Armenian government agency

The Office of the High Commissioner for Diaspora Affairs (Հայաստանի Հանրապետության սփյուռքի գործերի գլխավոր հանձնակատարի գրասենյակ) is a government agency in Armenia in charge of coordinating and developing the country's relations with the Armenian diaspora. It was established on 11 June 2019 to replace the now-defunct Ministry of Diaspora.

== History ==

=== Ministry of Diaspora ===
The precursor to the Office of the High Commissioner for Diaspora Affairs was the Ministry of Diaspora, created on 1 October 2008. This ministry was established as a direct response to the growing need for a more organized and dedicated approach to Armenia-Diaspora relations, which had become a significant aspect of the state's policy under the presidency of Serzh Sargsyan.
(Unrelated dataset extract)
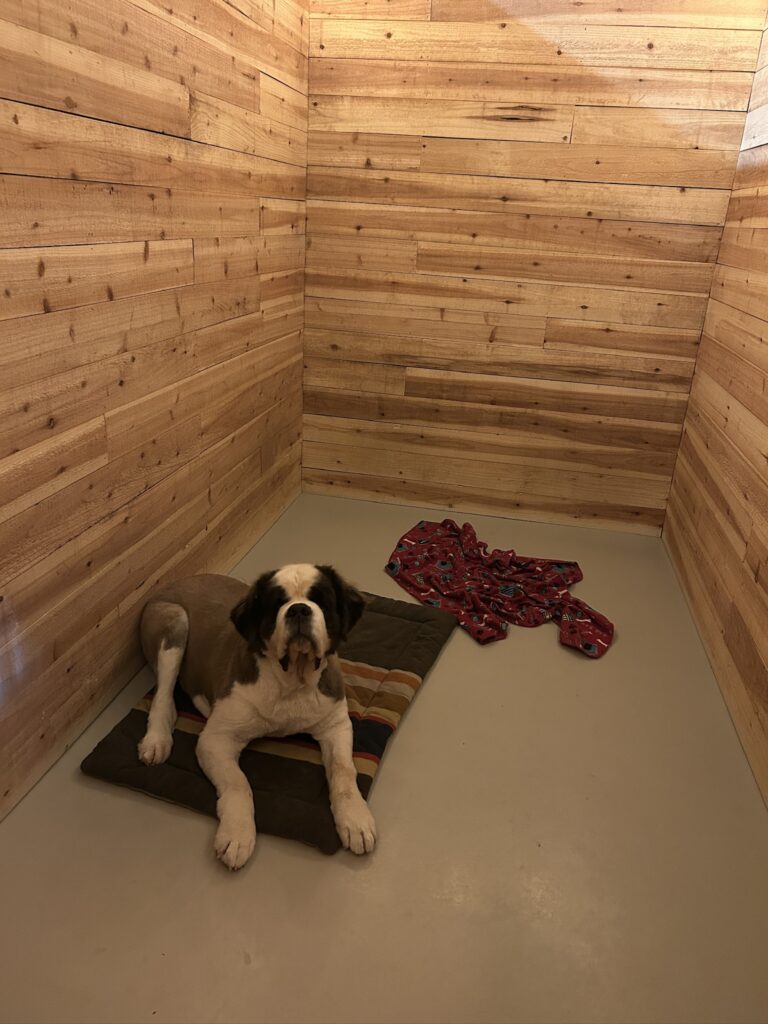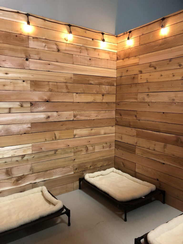 Medium Cedar suites are spacious 8′ x 8′ private rooms that offer the most privacy and comfort for your dog. With raised beds, subtle lighting, a window, and cedar walls, your dog will feel more at home during their stay. Up to 3 dogs can comfortably stay in a Medium Cedar Suite at a time. Add a plush pad to make your dog extra cozy during their stay!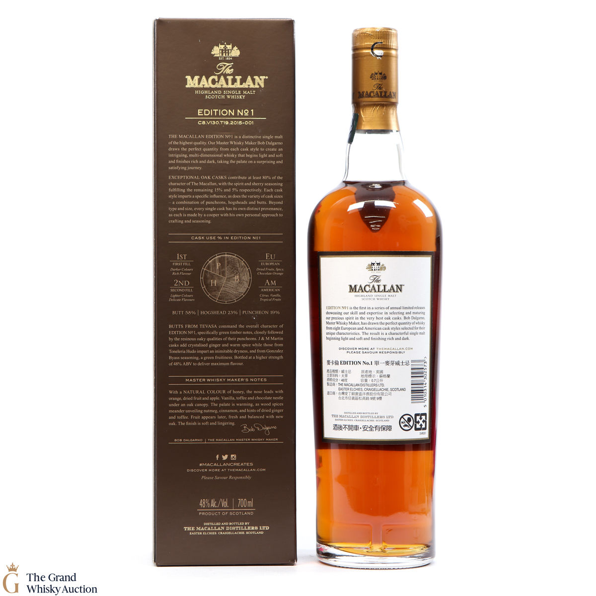 The Macallan Edition No. 1 is the debut expression in the Edition Series. This is a limited edition drawn from eight European and American oak cask styles selected for their unique characteristics.

Led by Hranush Hakobyan for nearly a decade, the ministry aimed to strengthen homeland-Diaspora ties, develop Armenia's reputation, and support the preservation and dissemination of Armenian cultural heritage globally.

Mkhitar Hayrapetyan, who served as the Minister of Diaspora from 11 May 2018, to 14 January 2019, played a significant role during the transition period. Under his leadership, the ministry initiated several reforms and programs aimed at strengthening the diaspora's connection to Armenia.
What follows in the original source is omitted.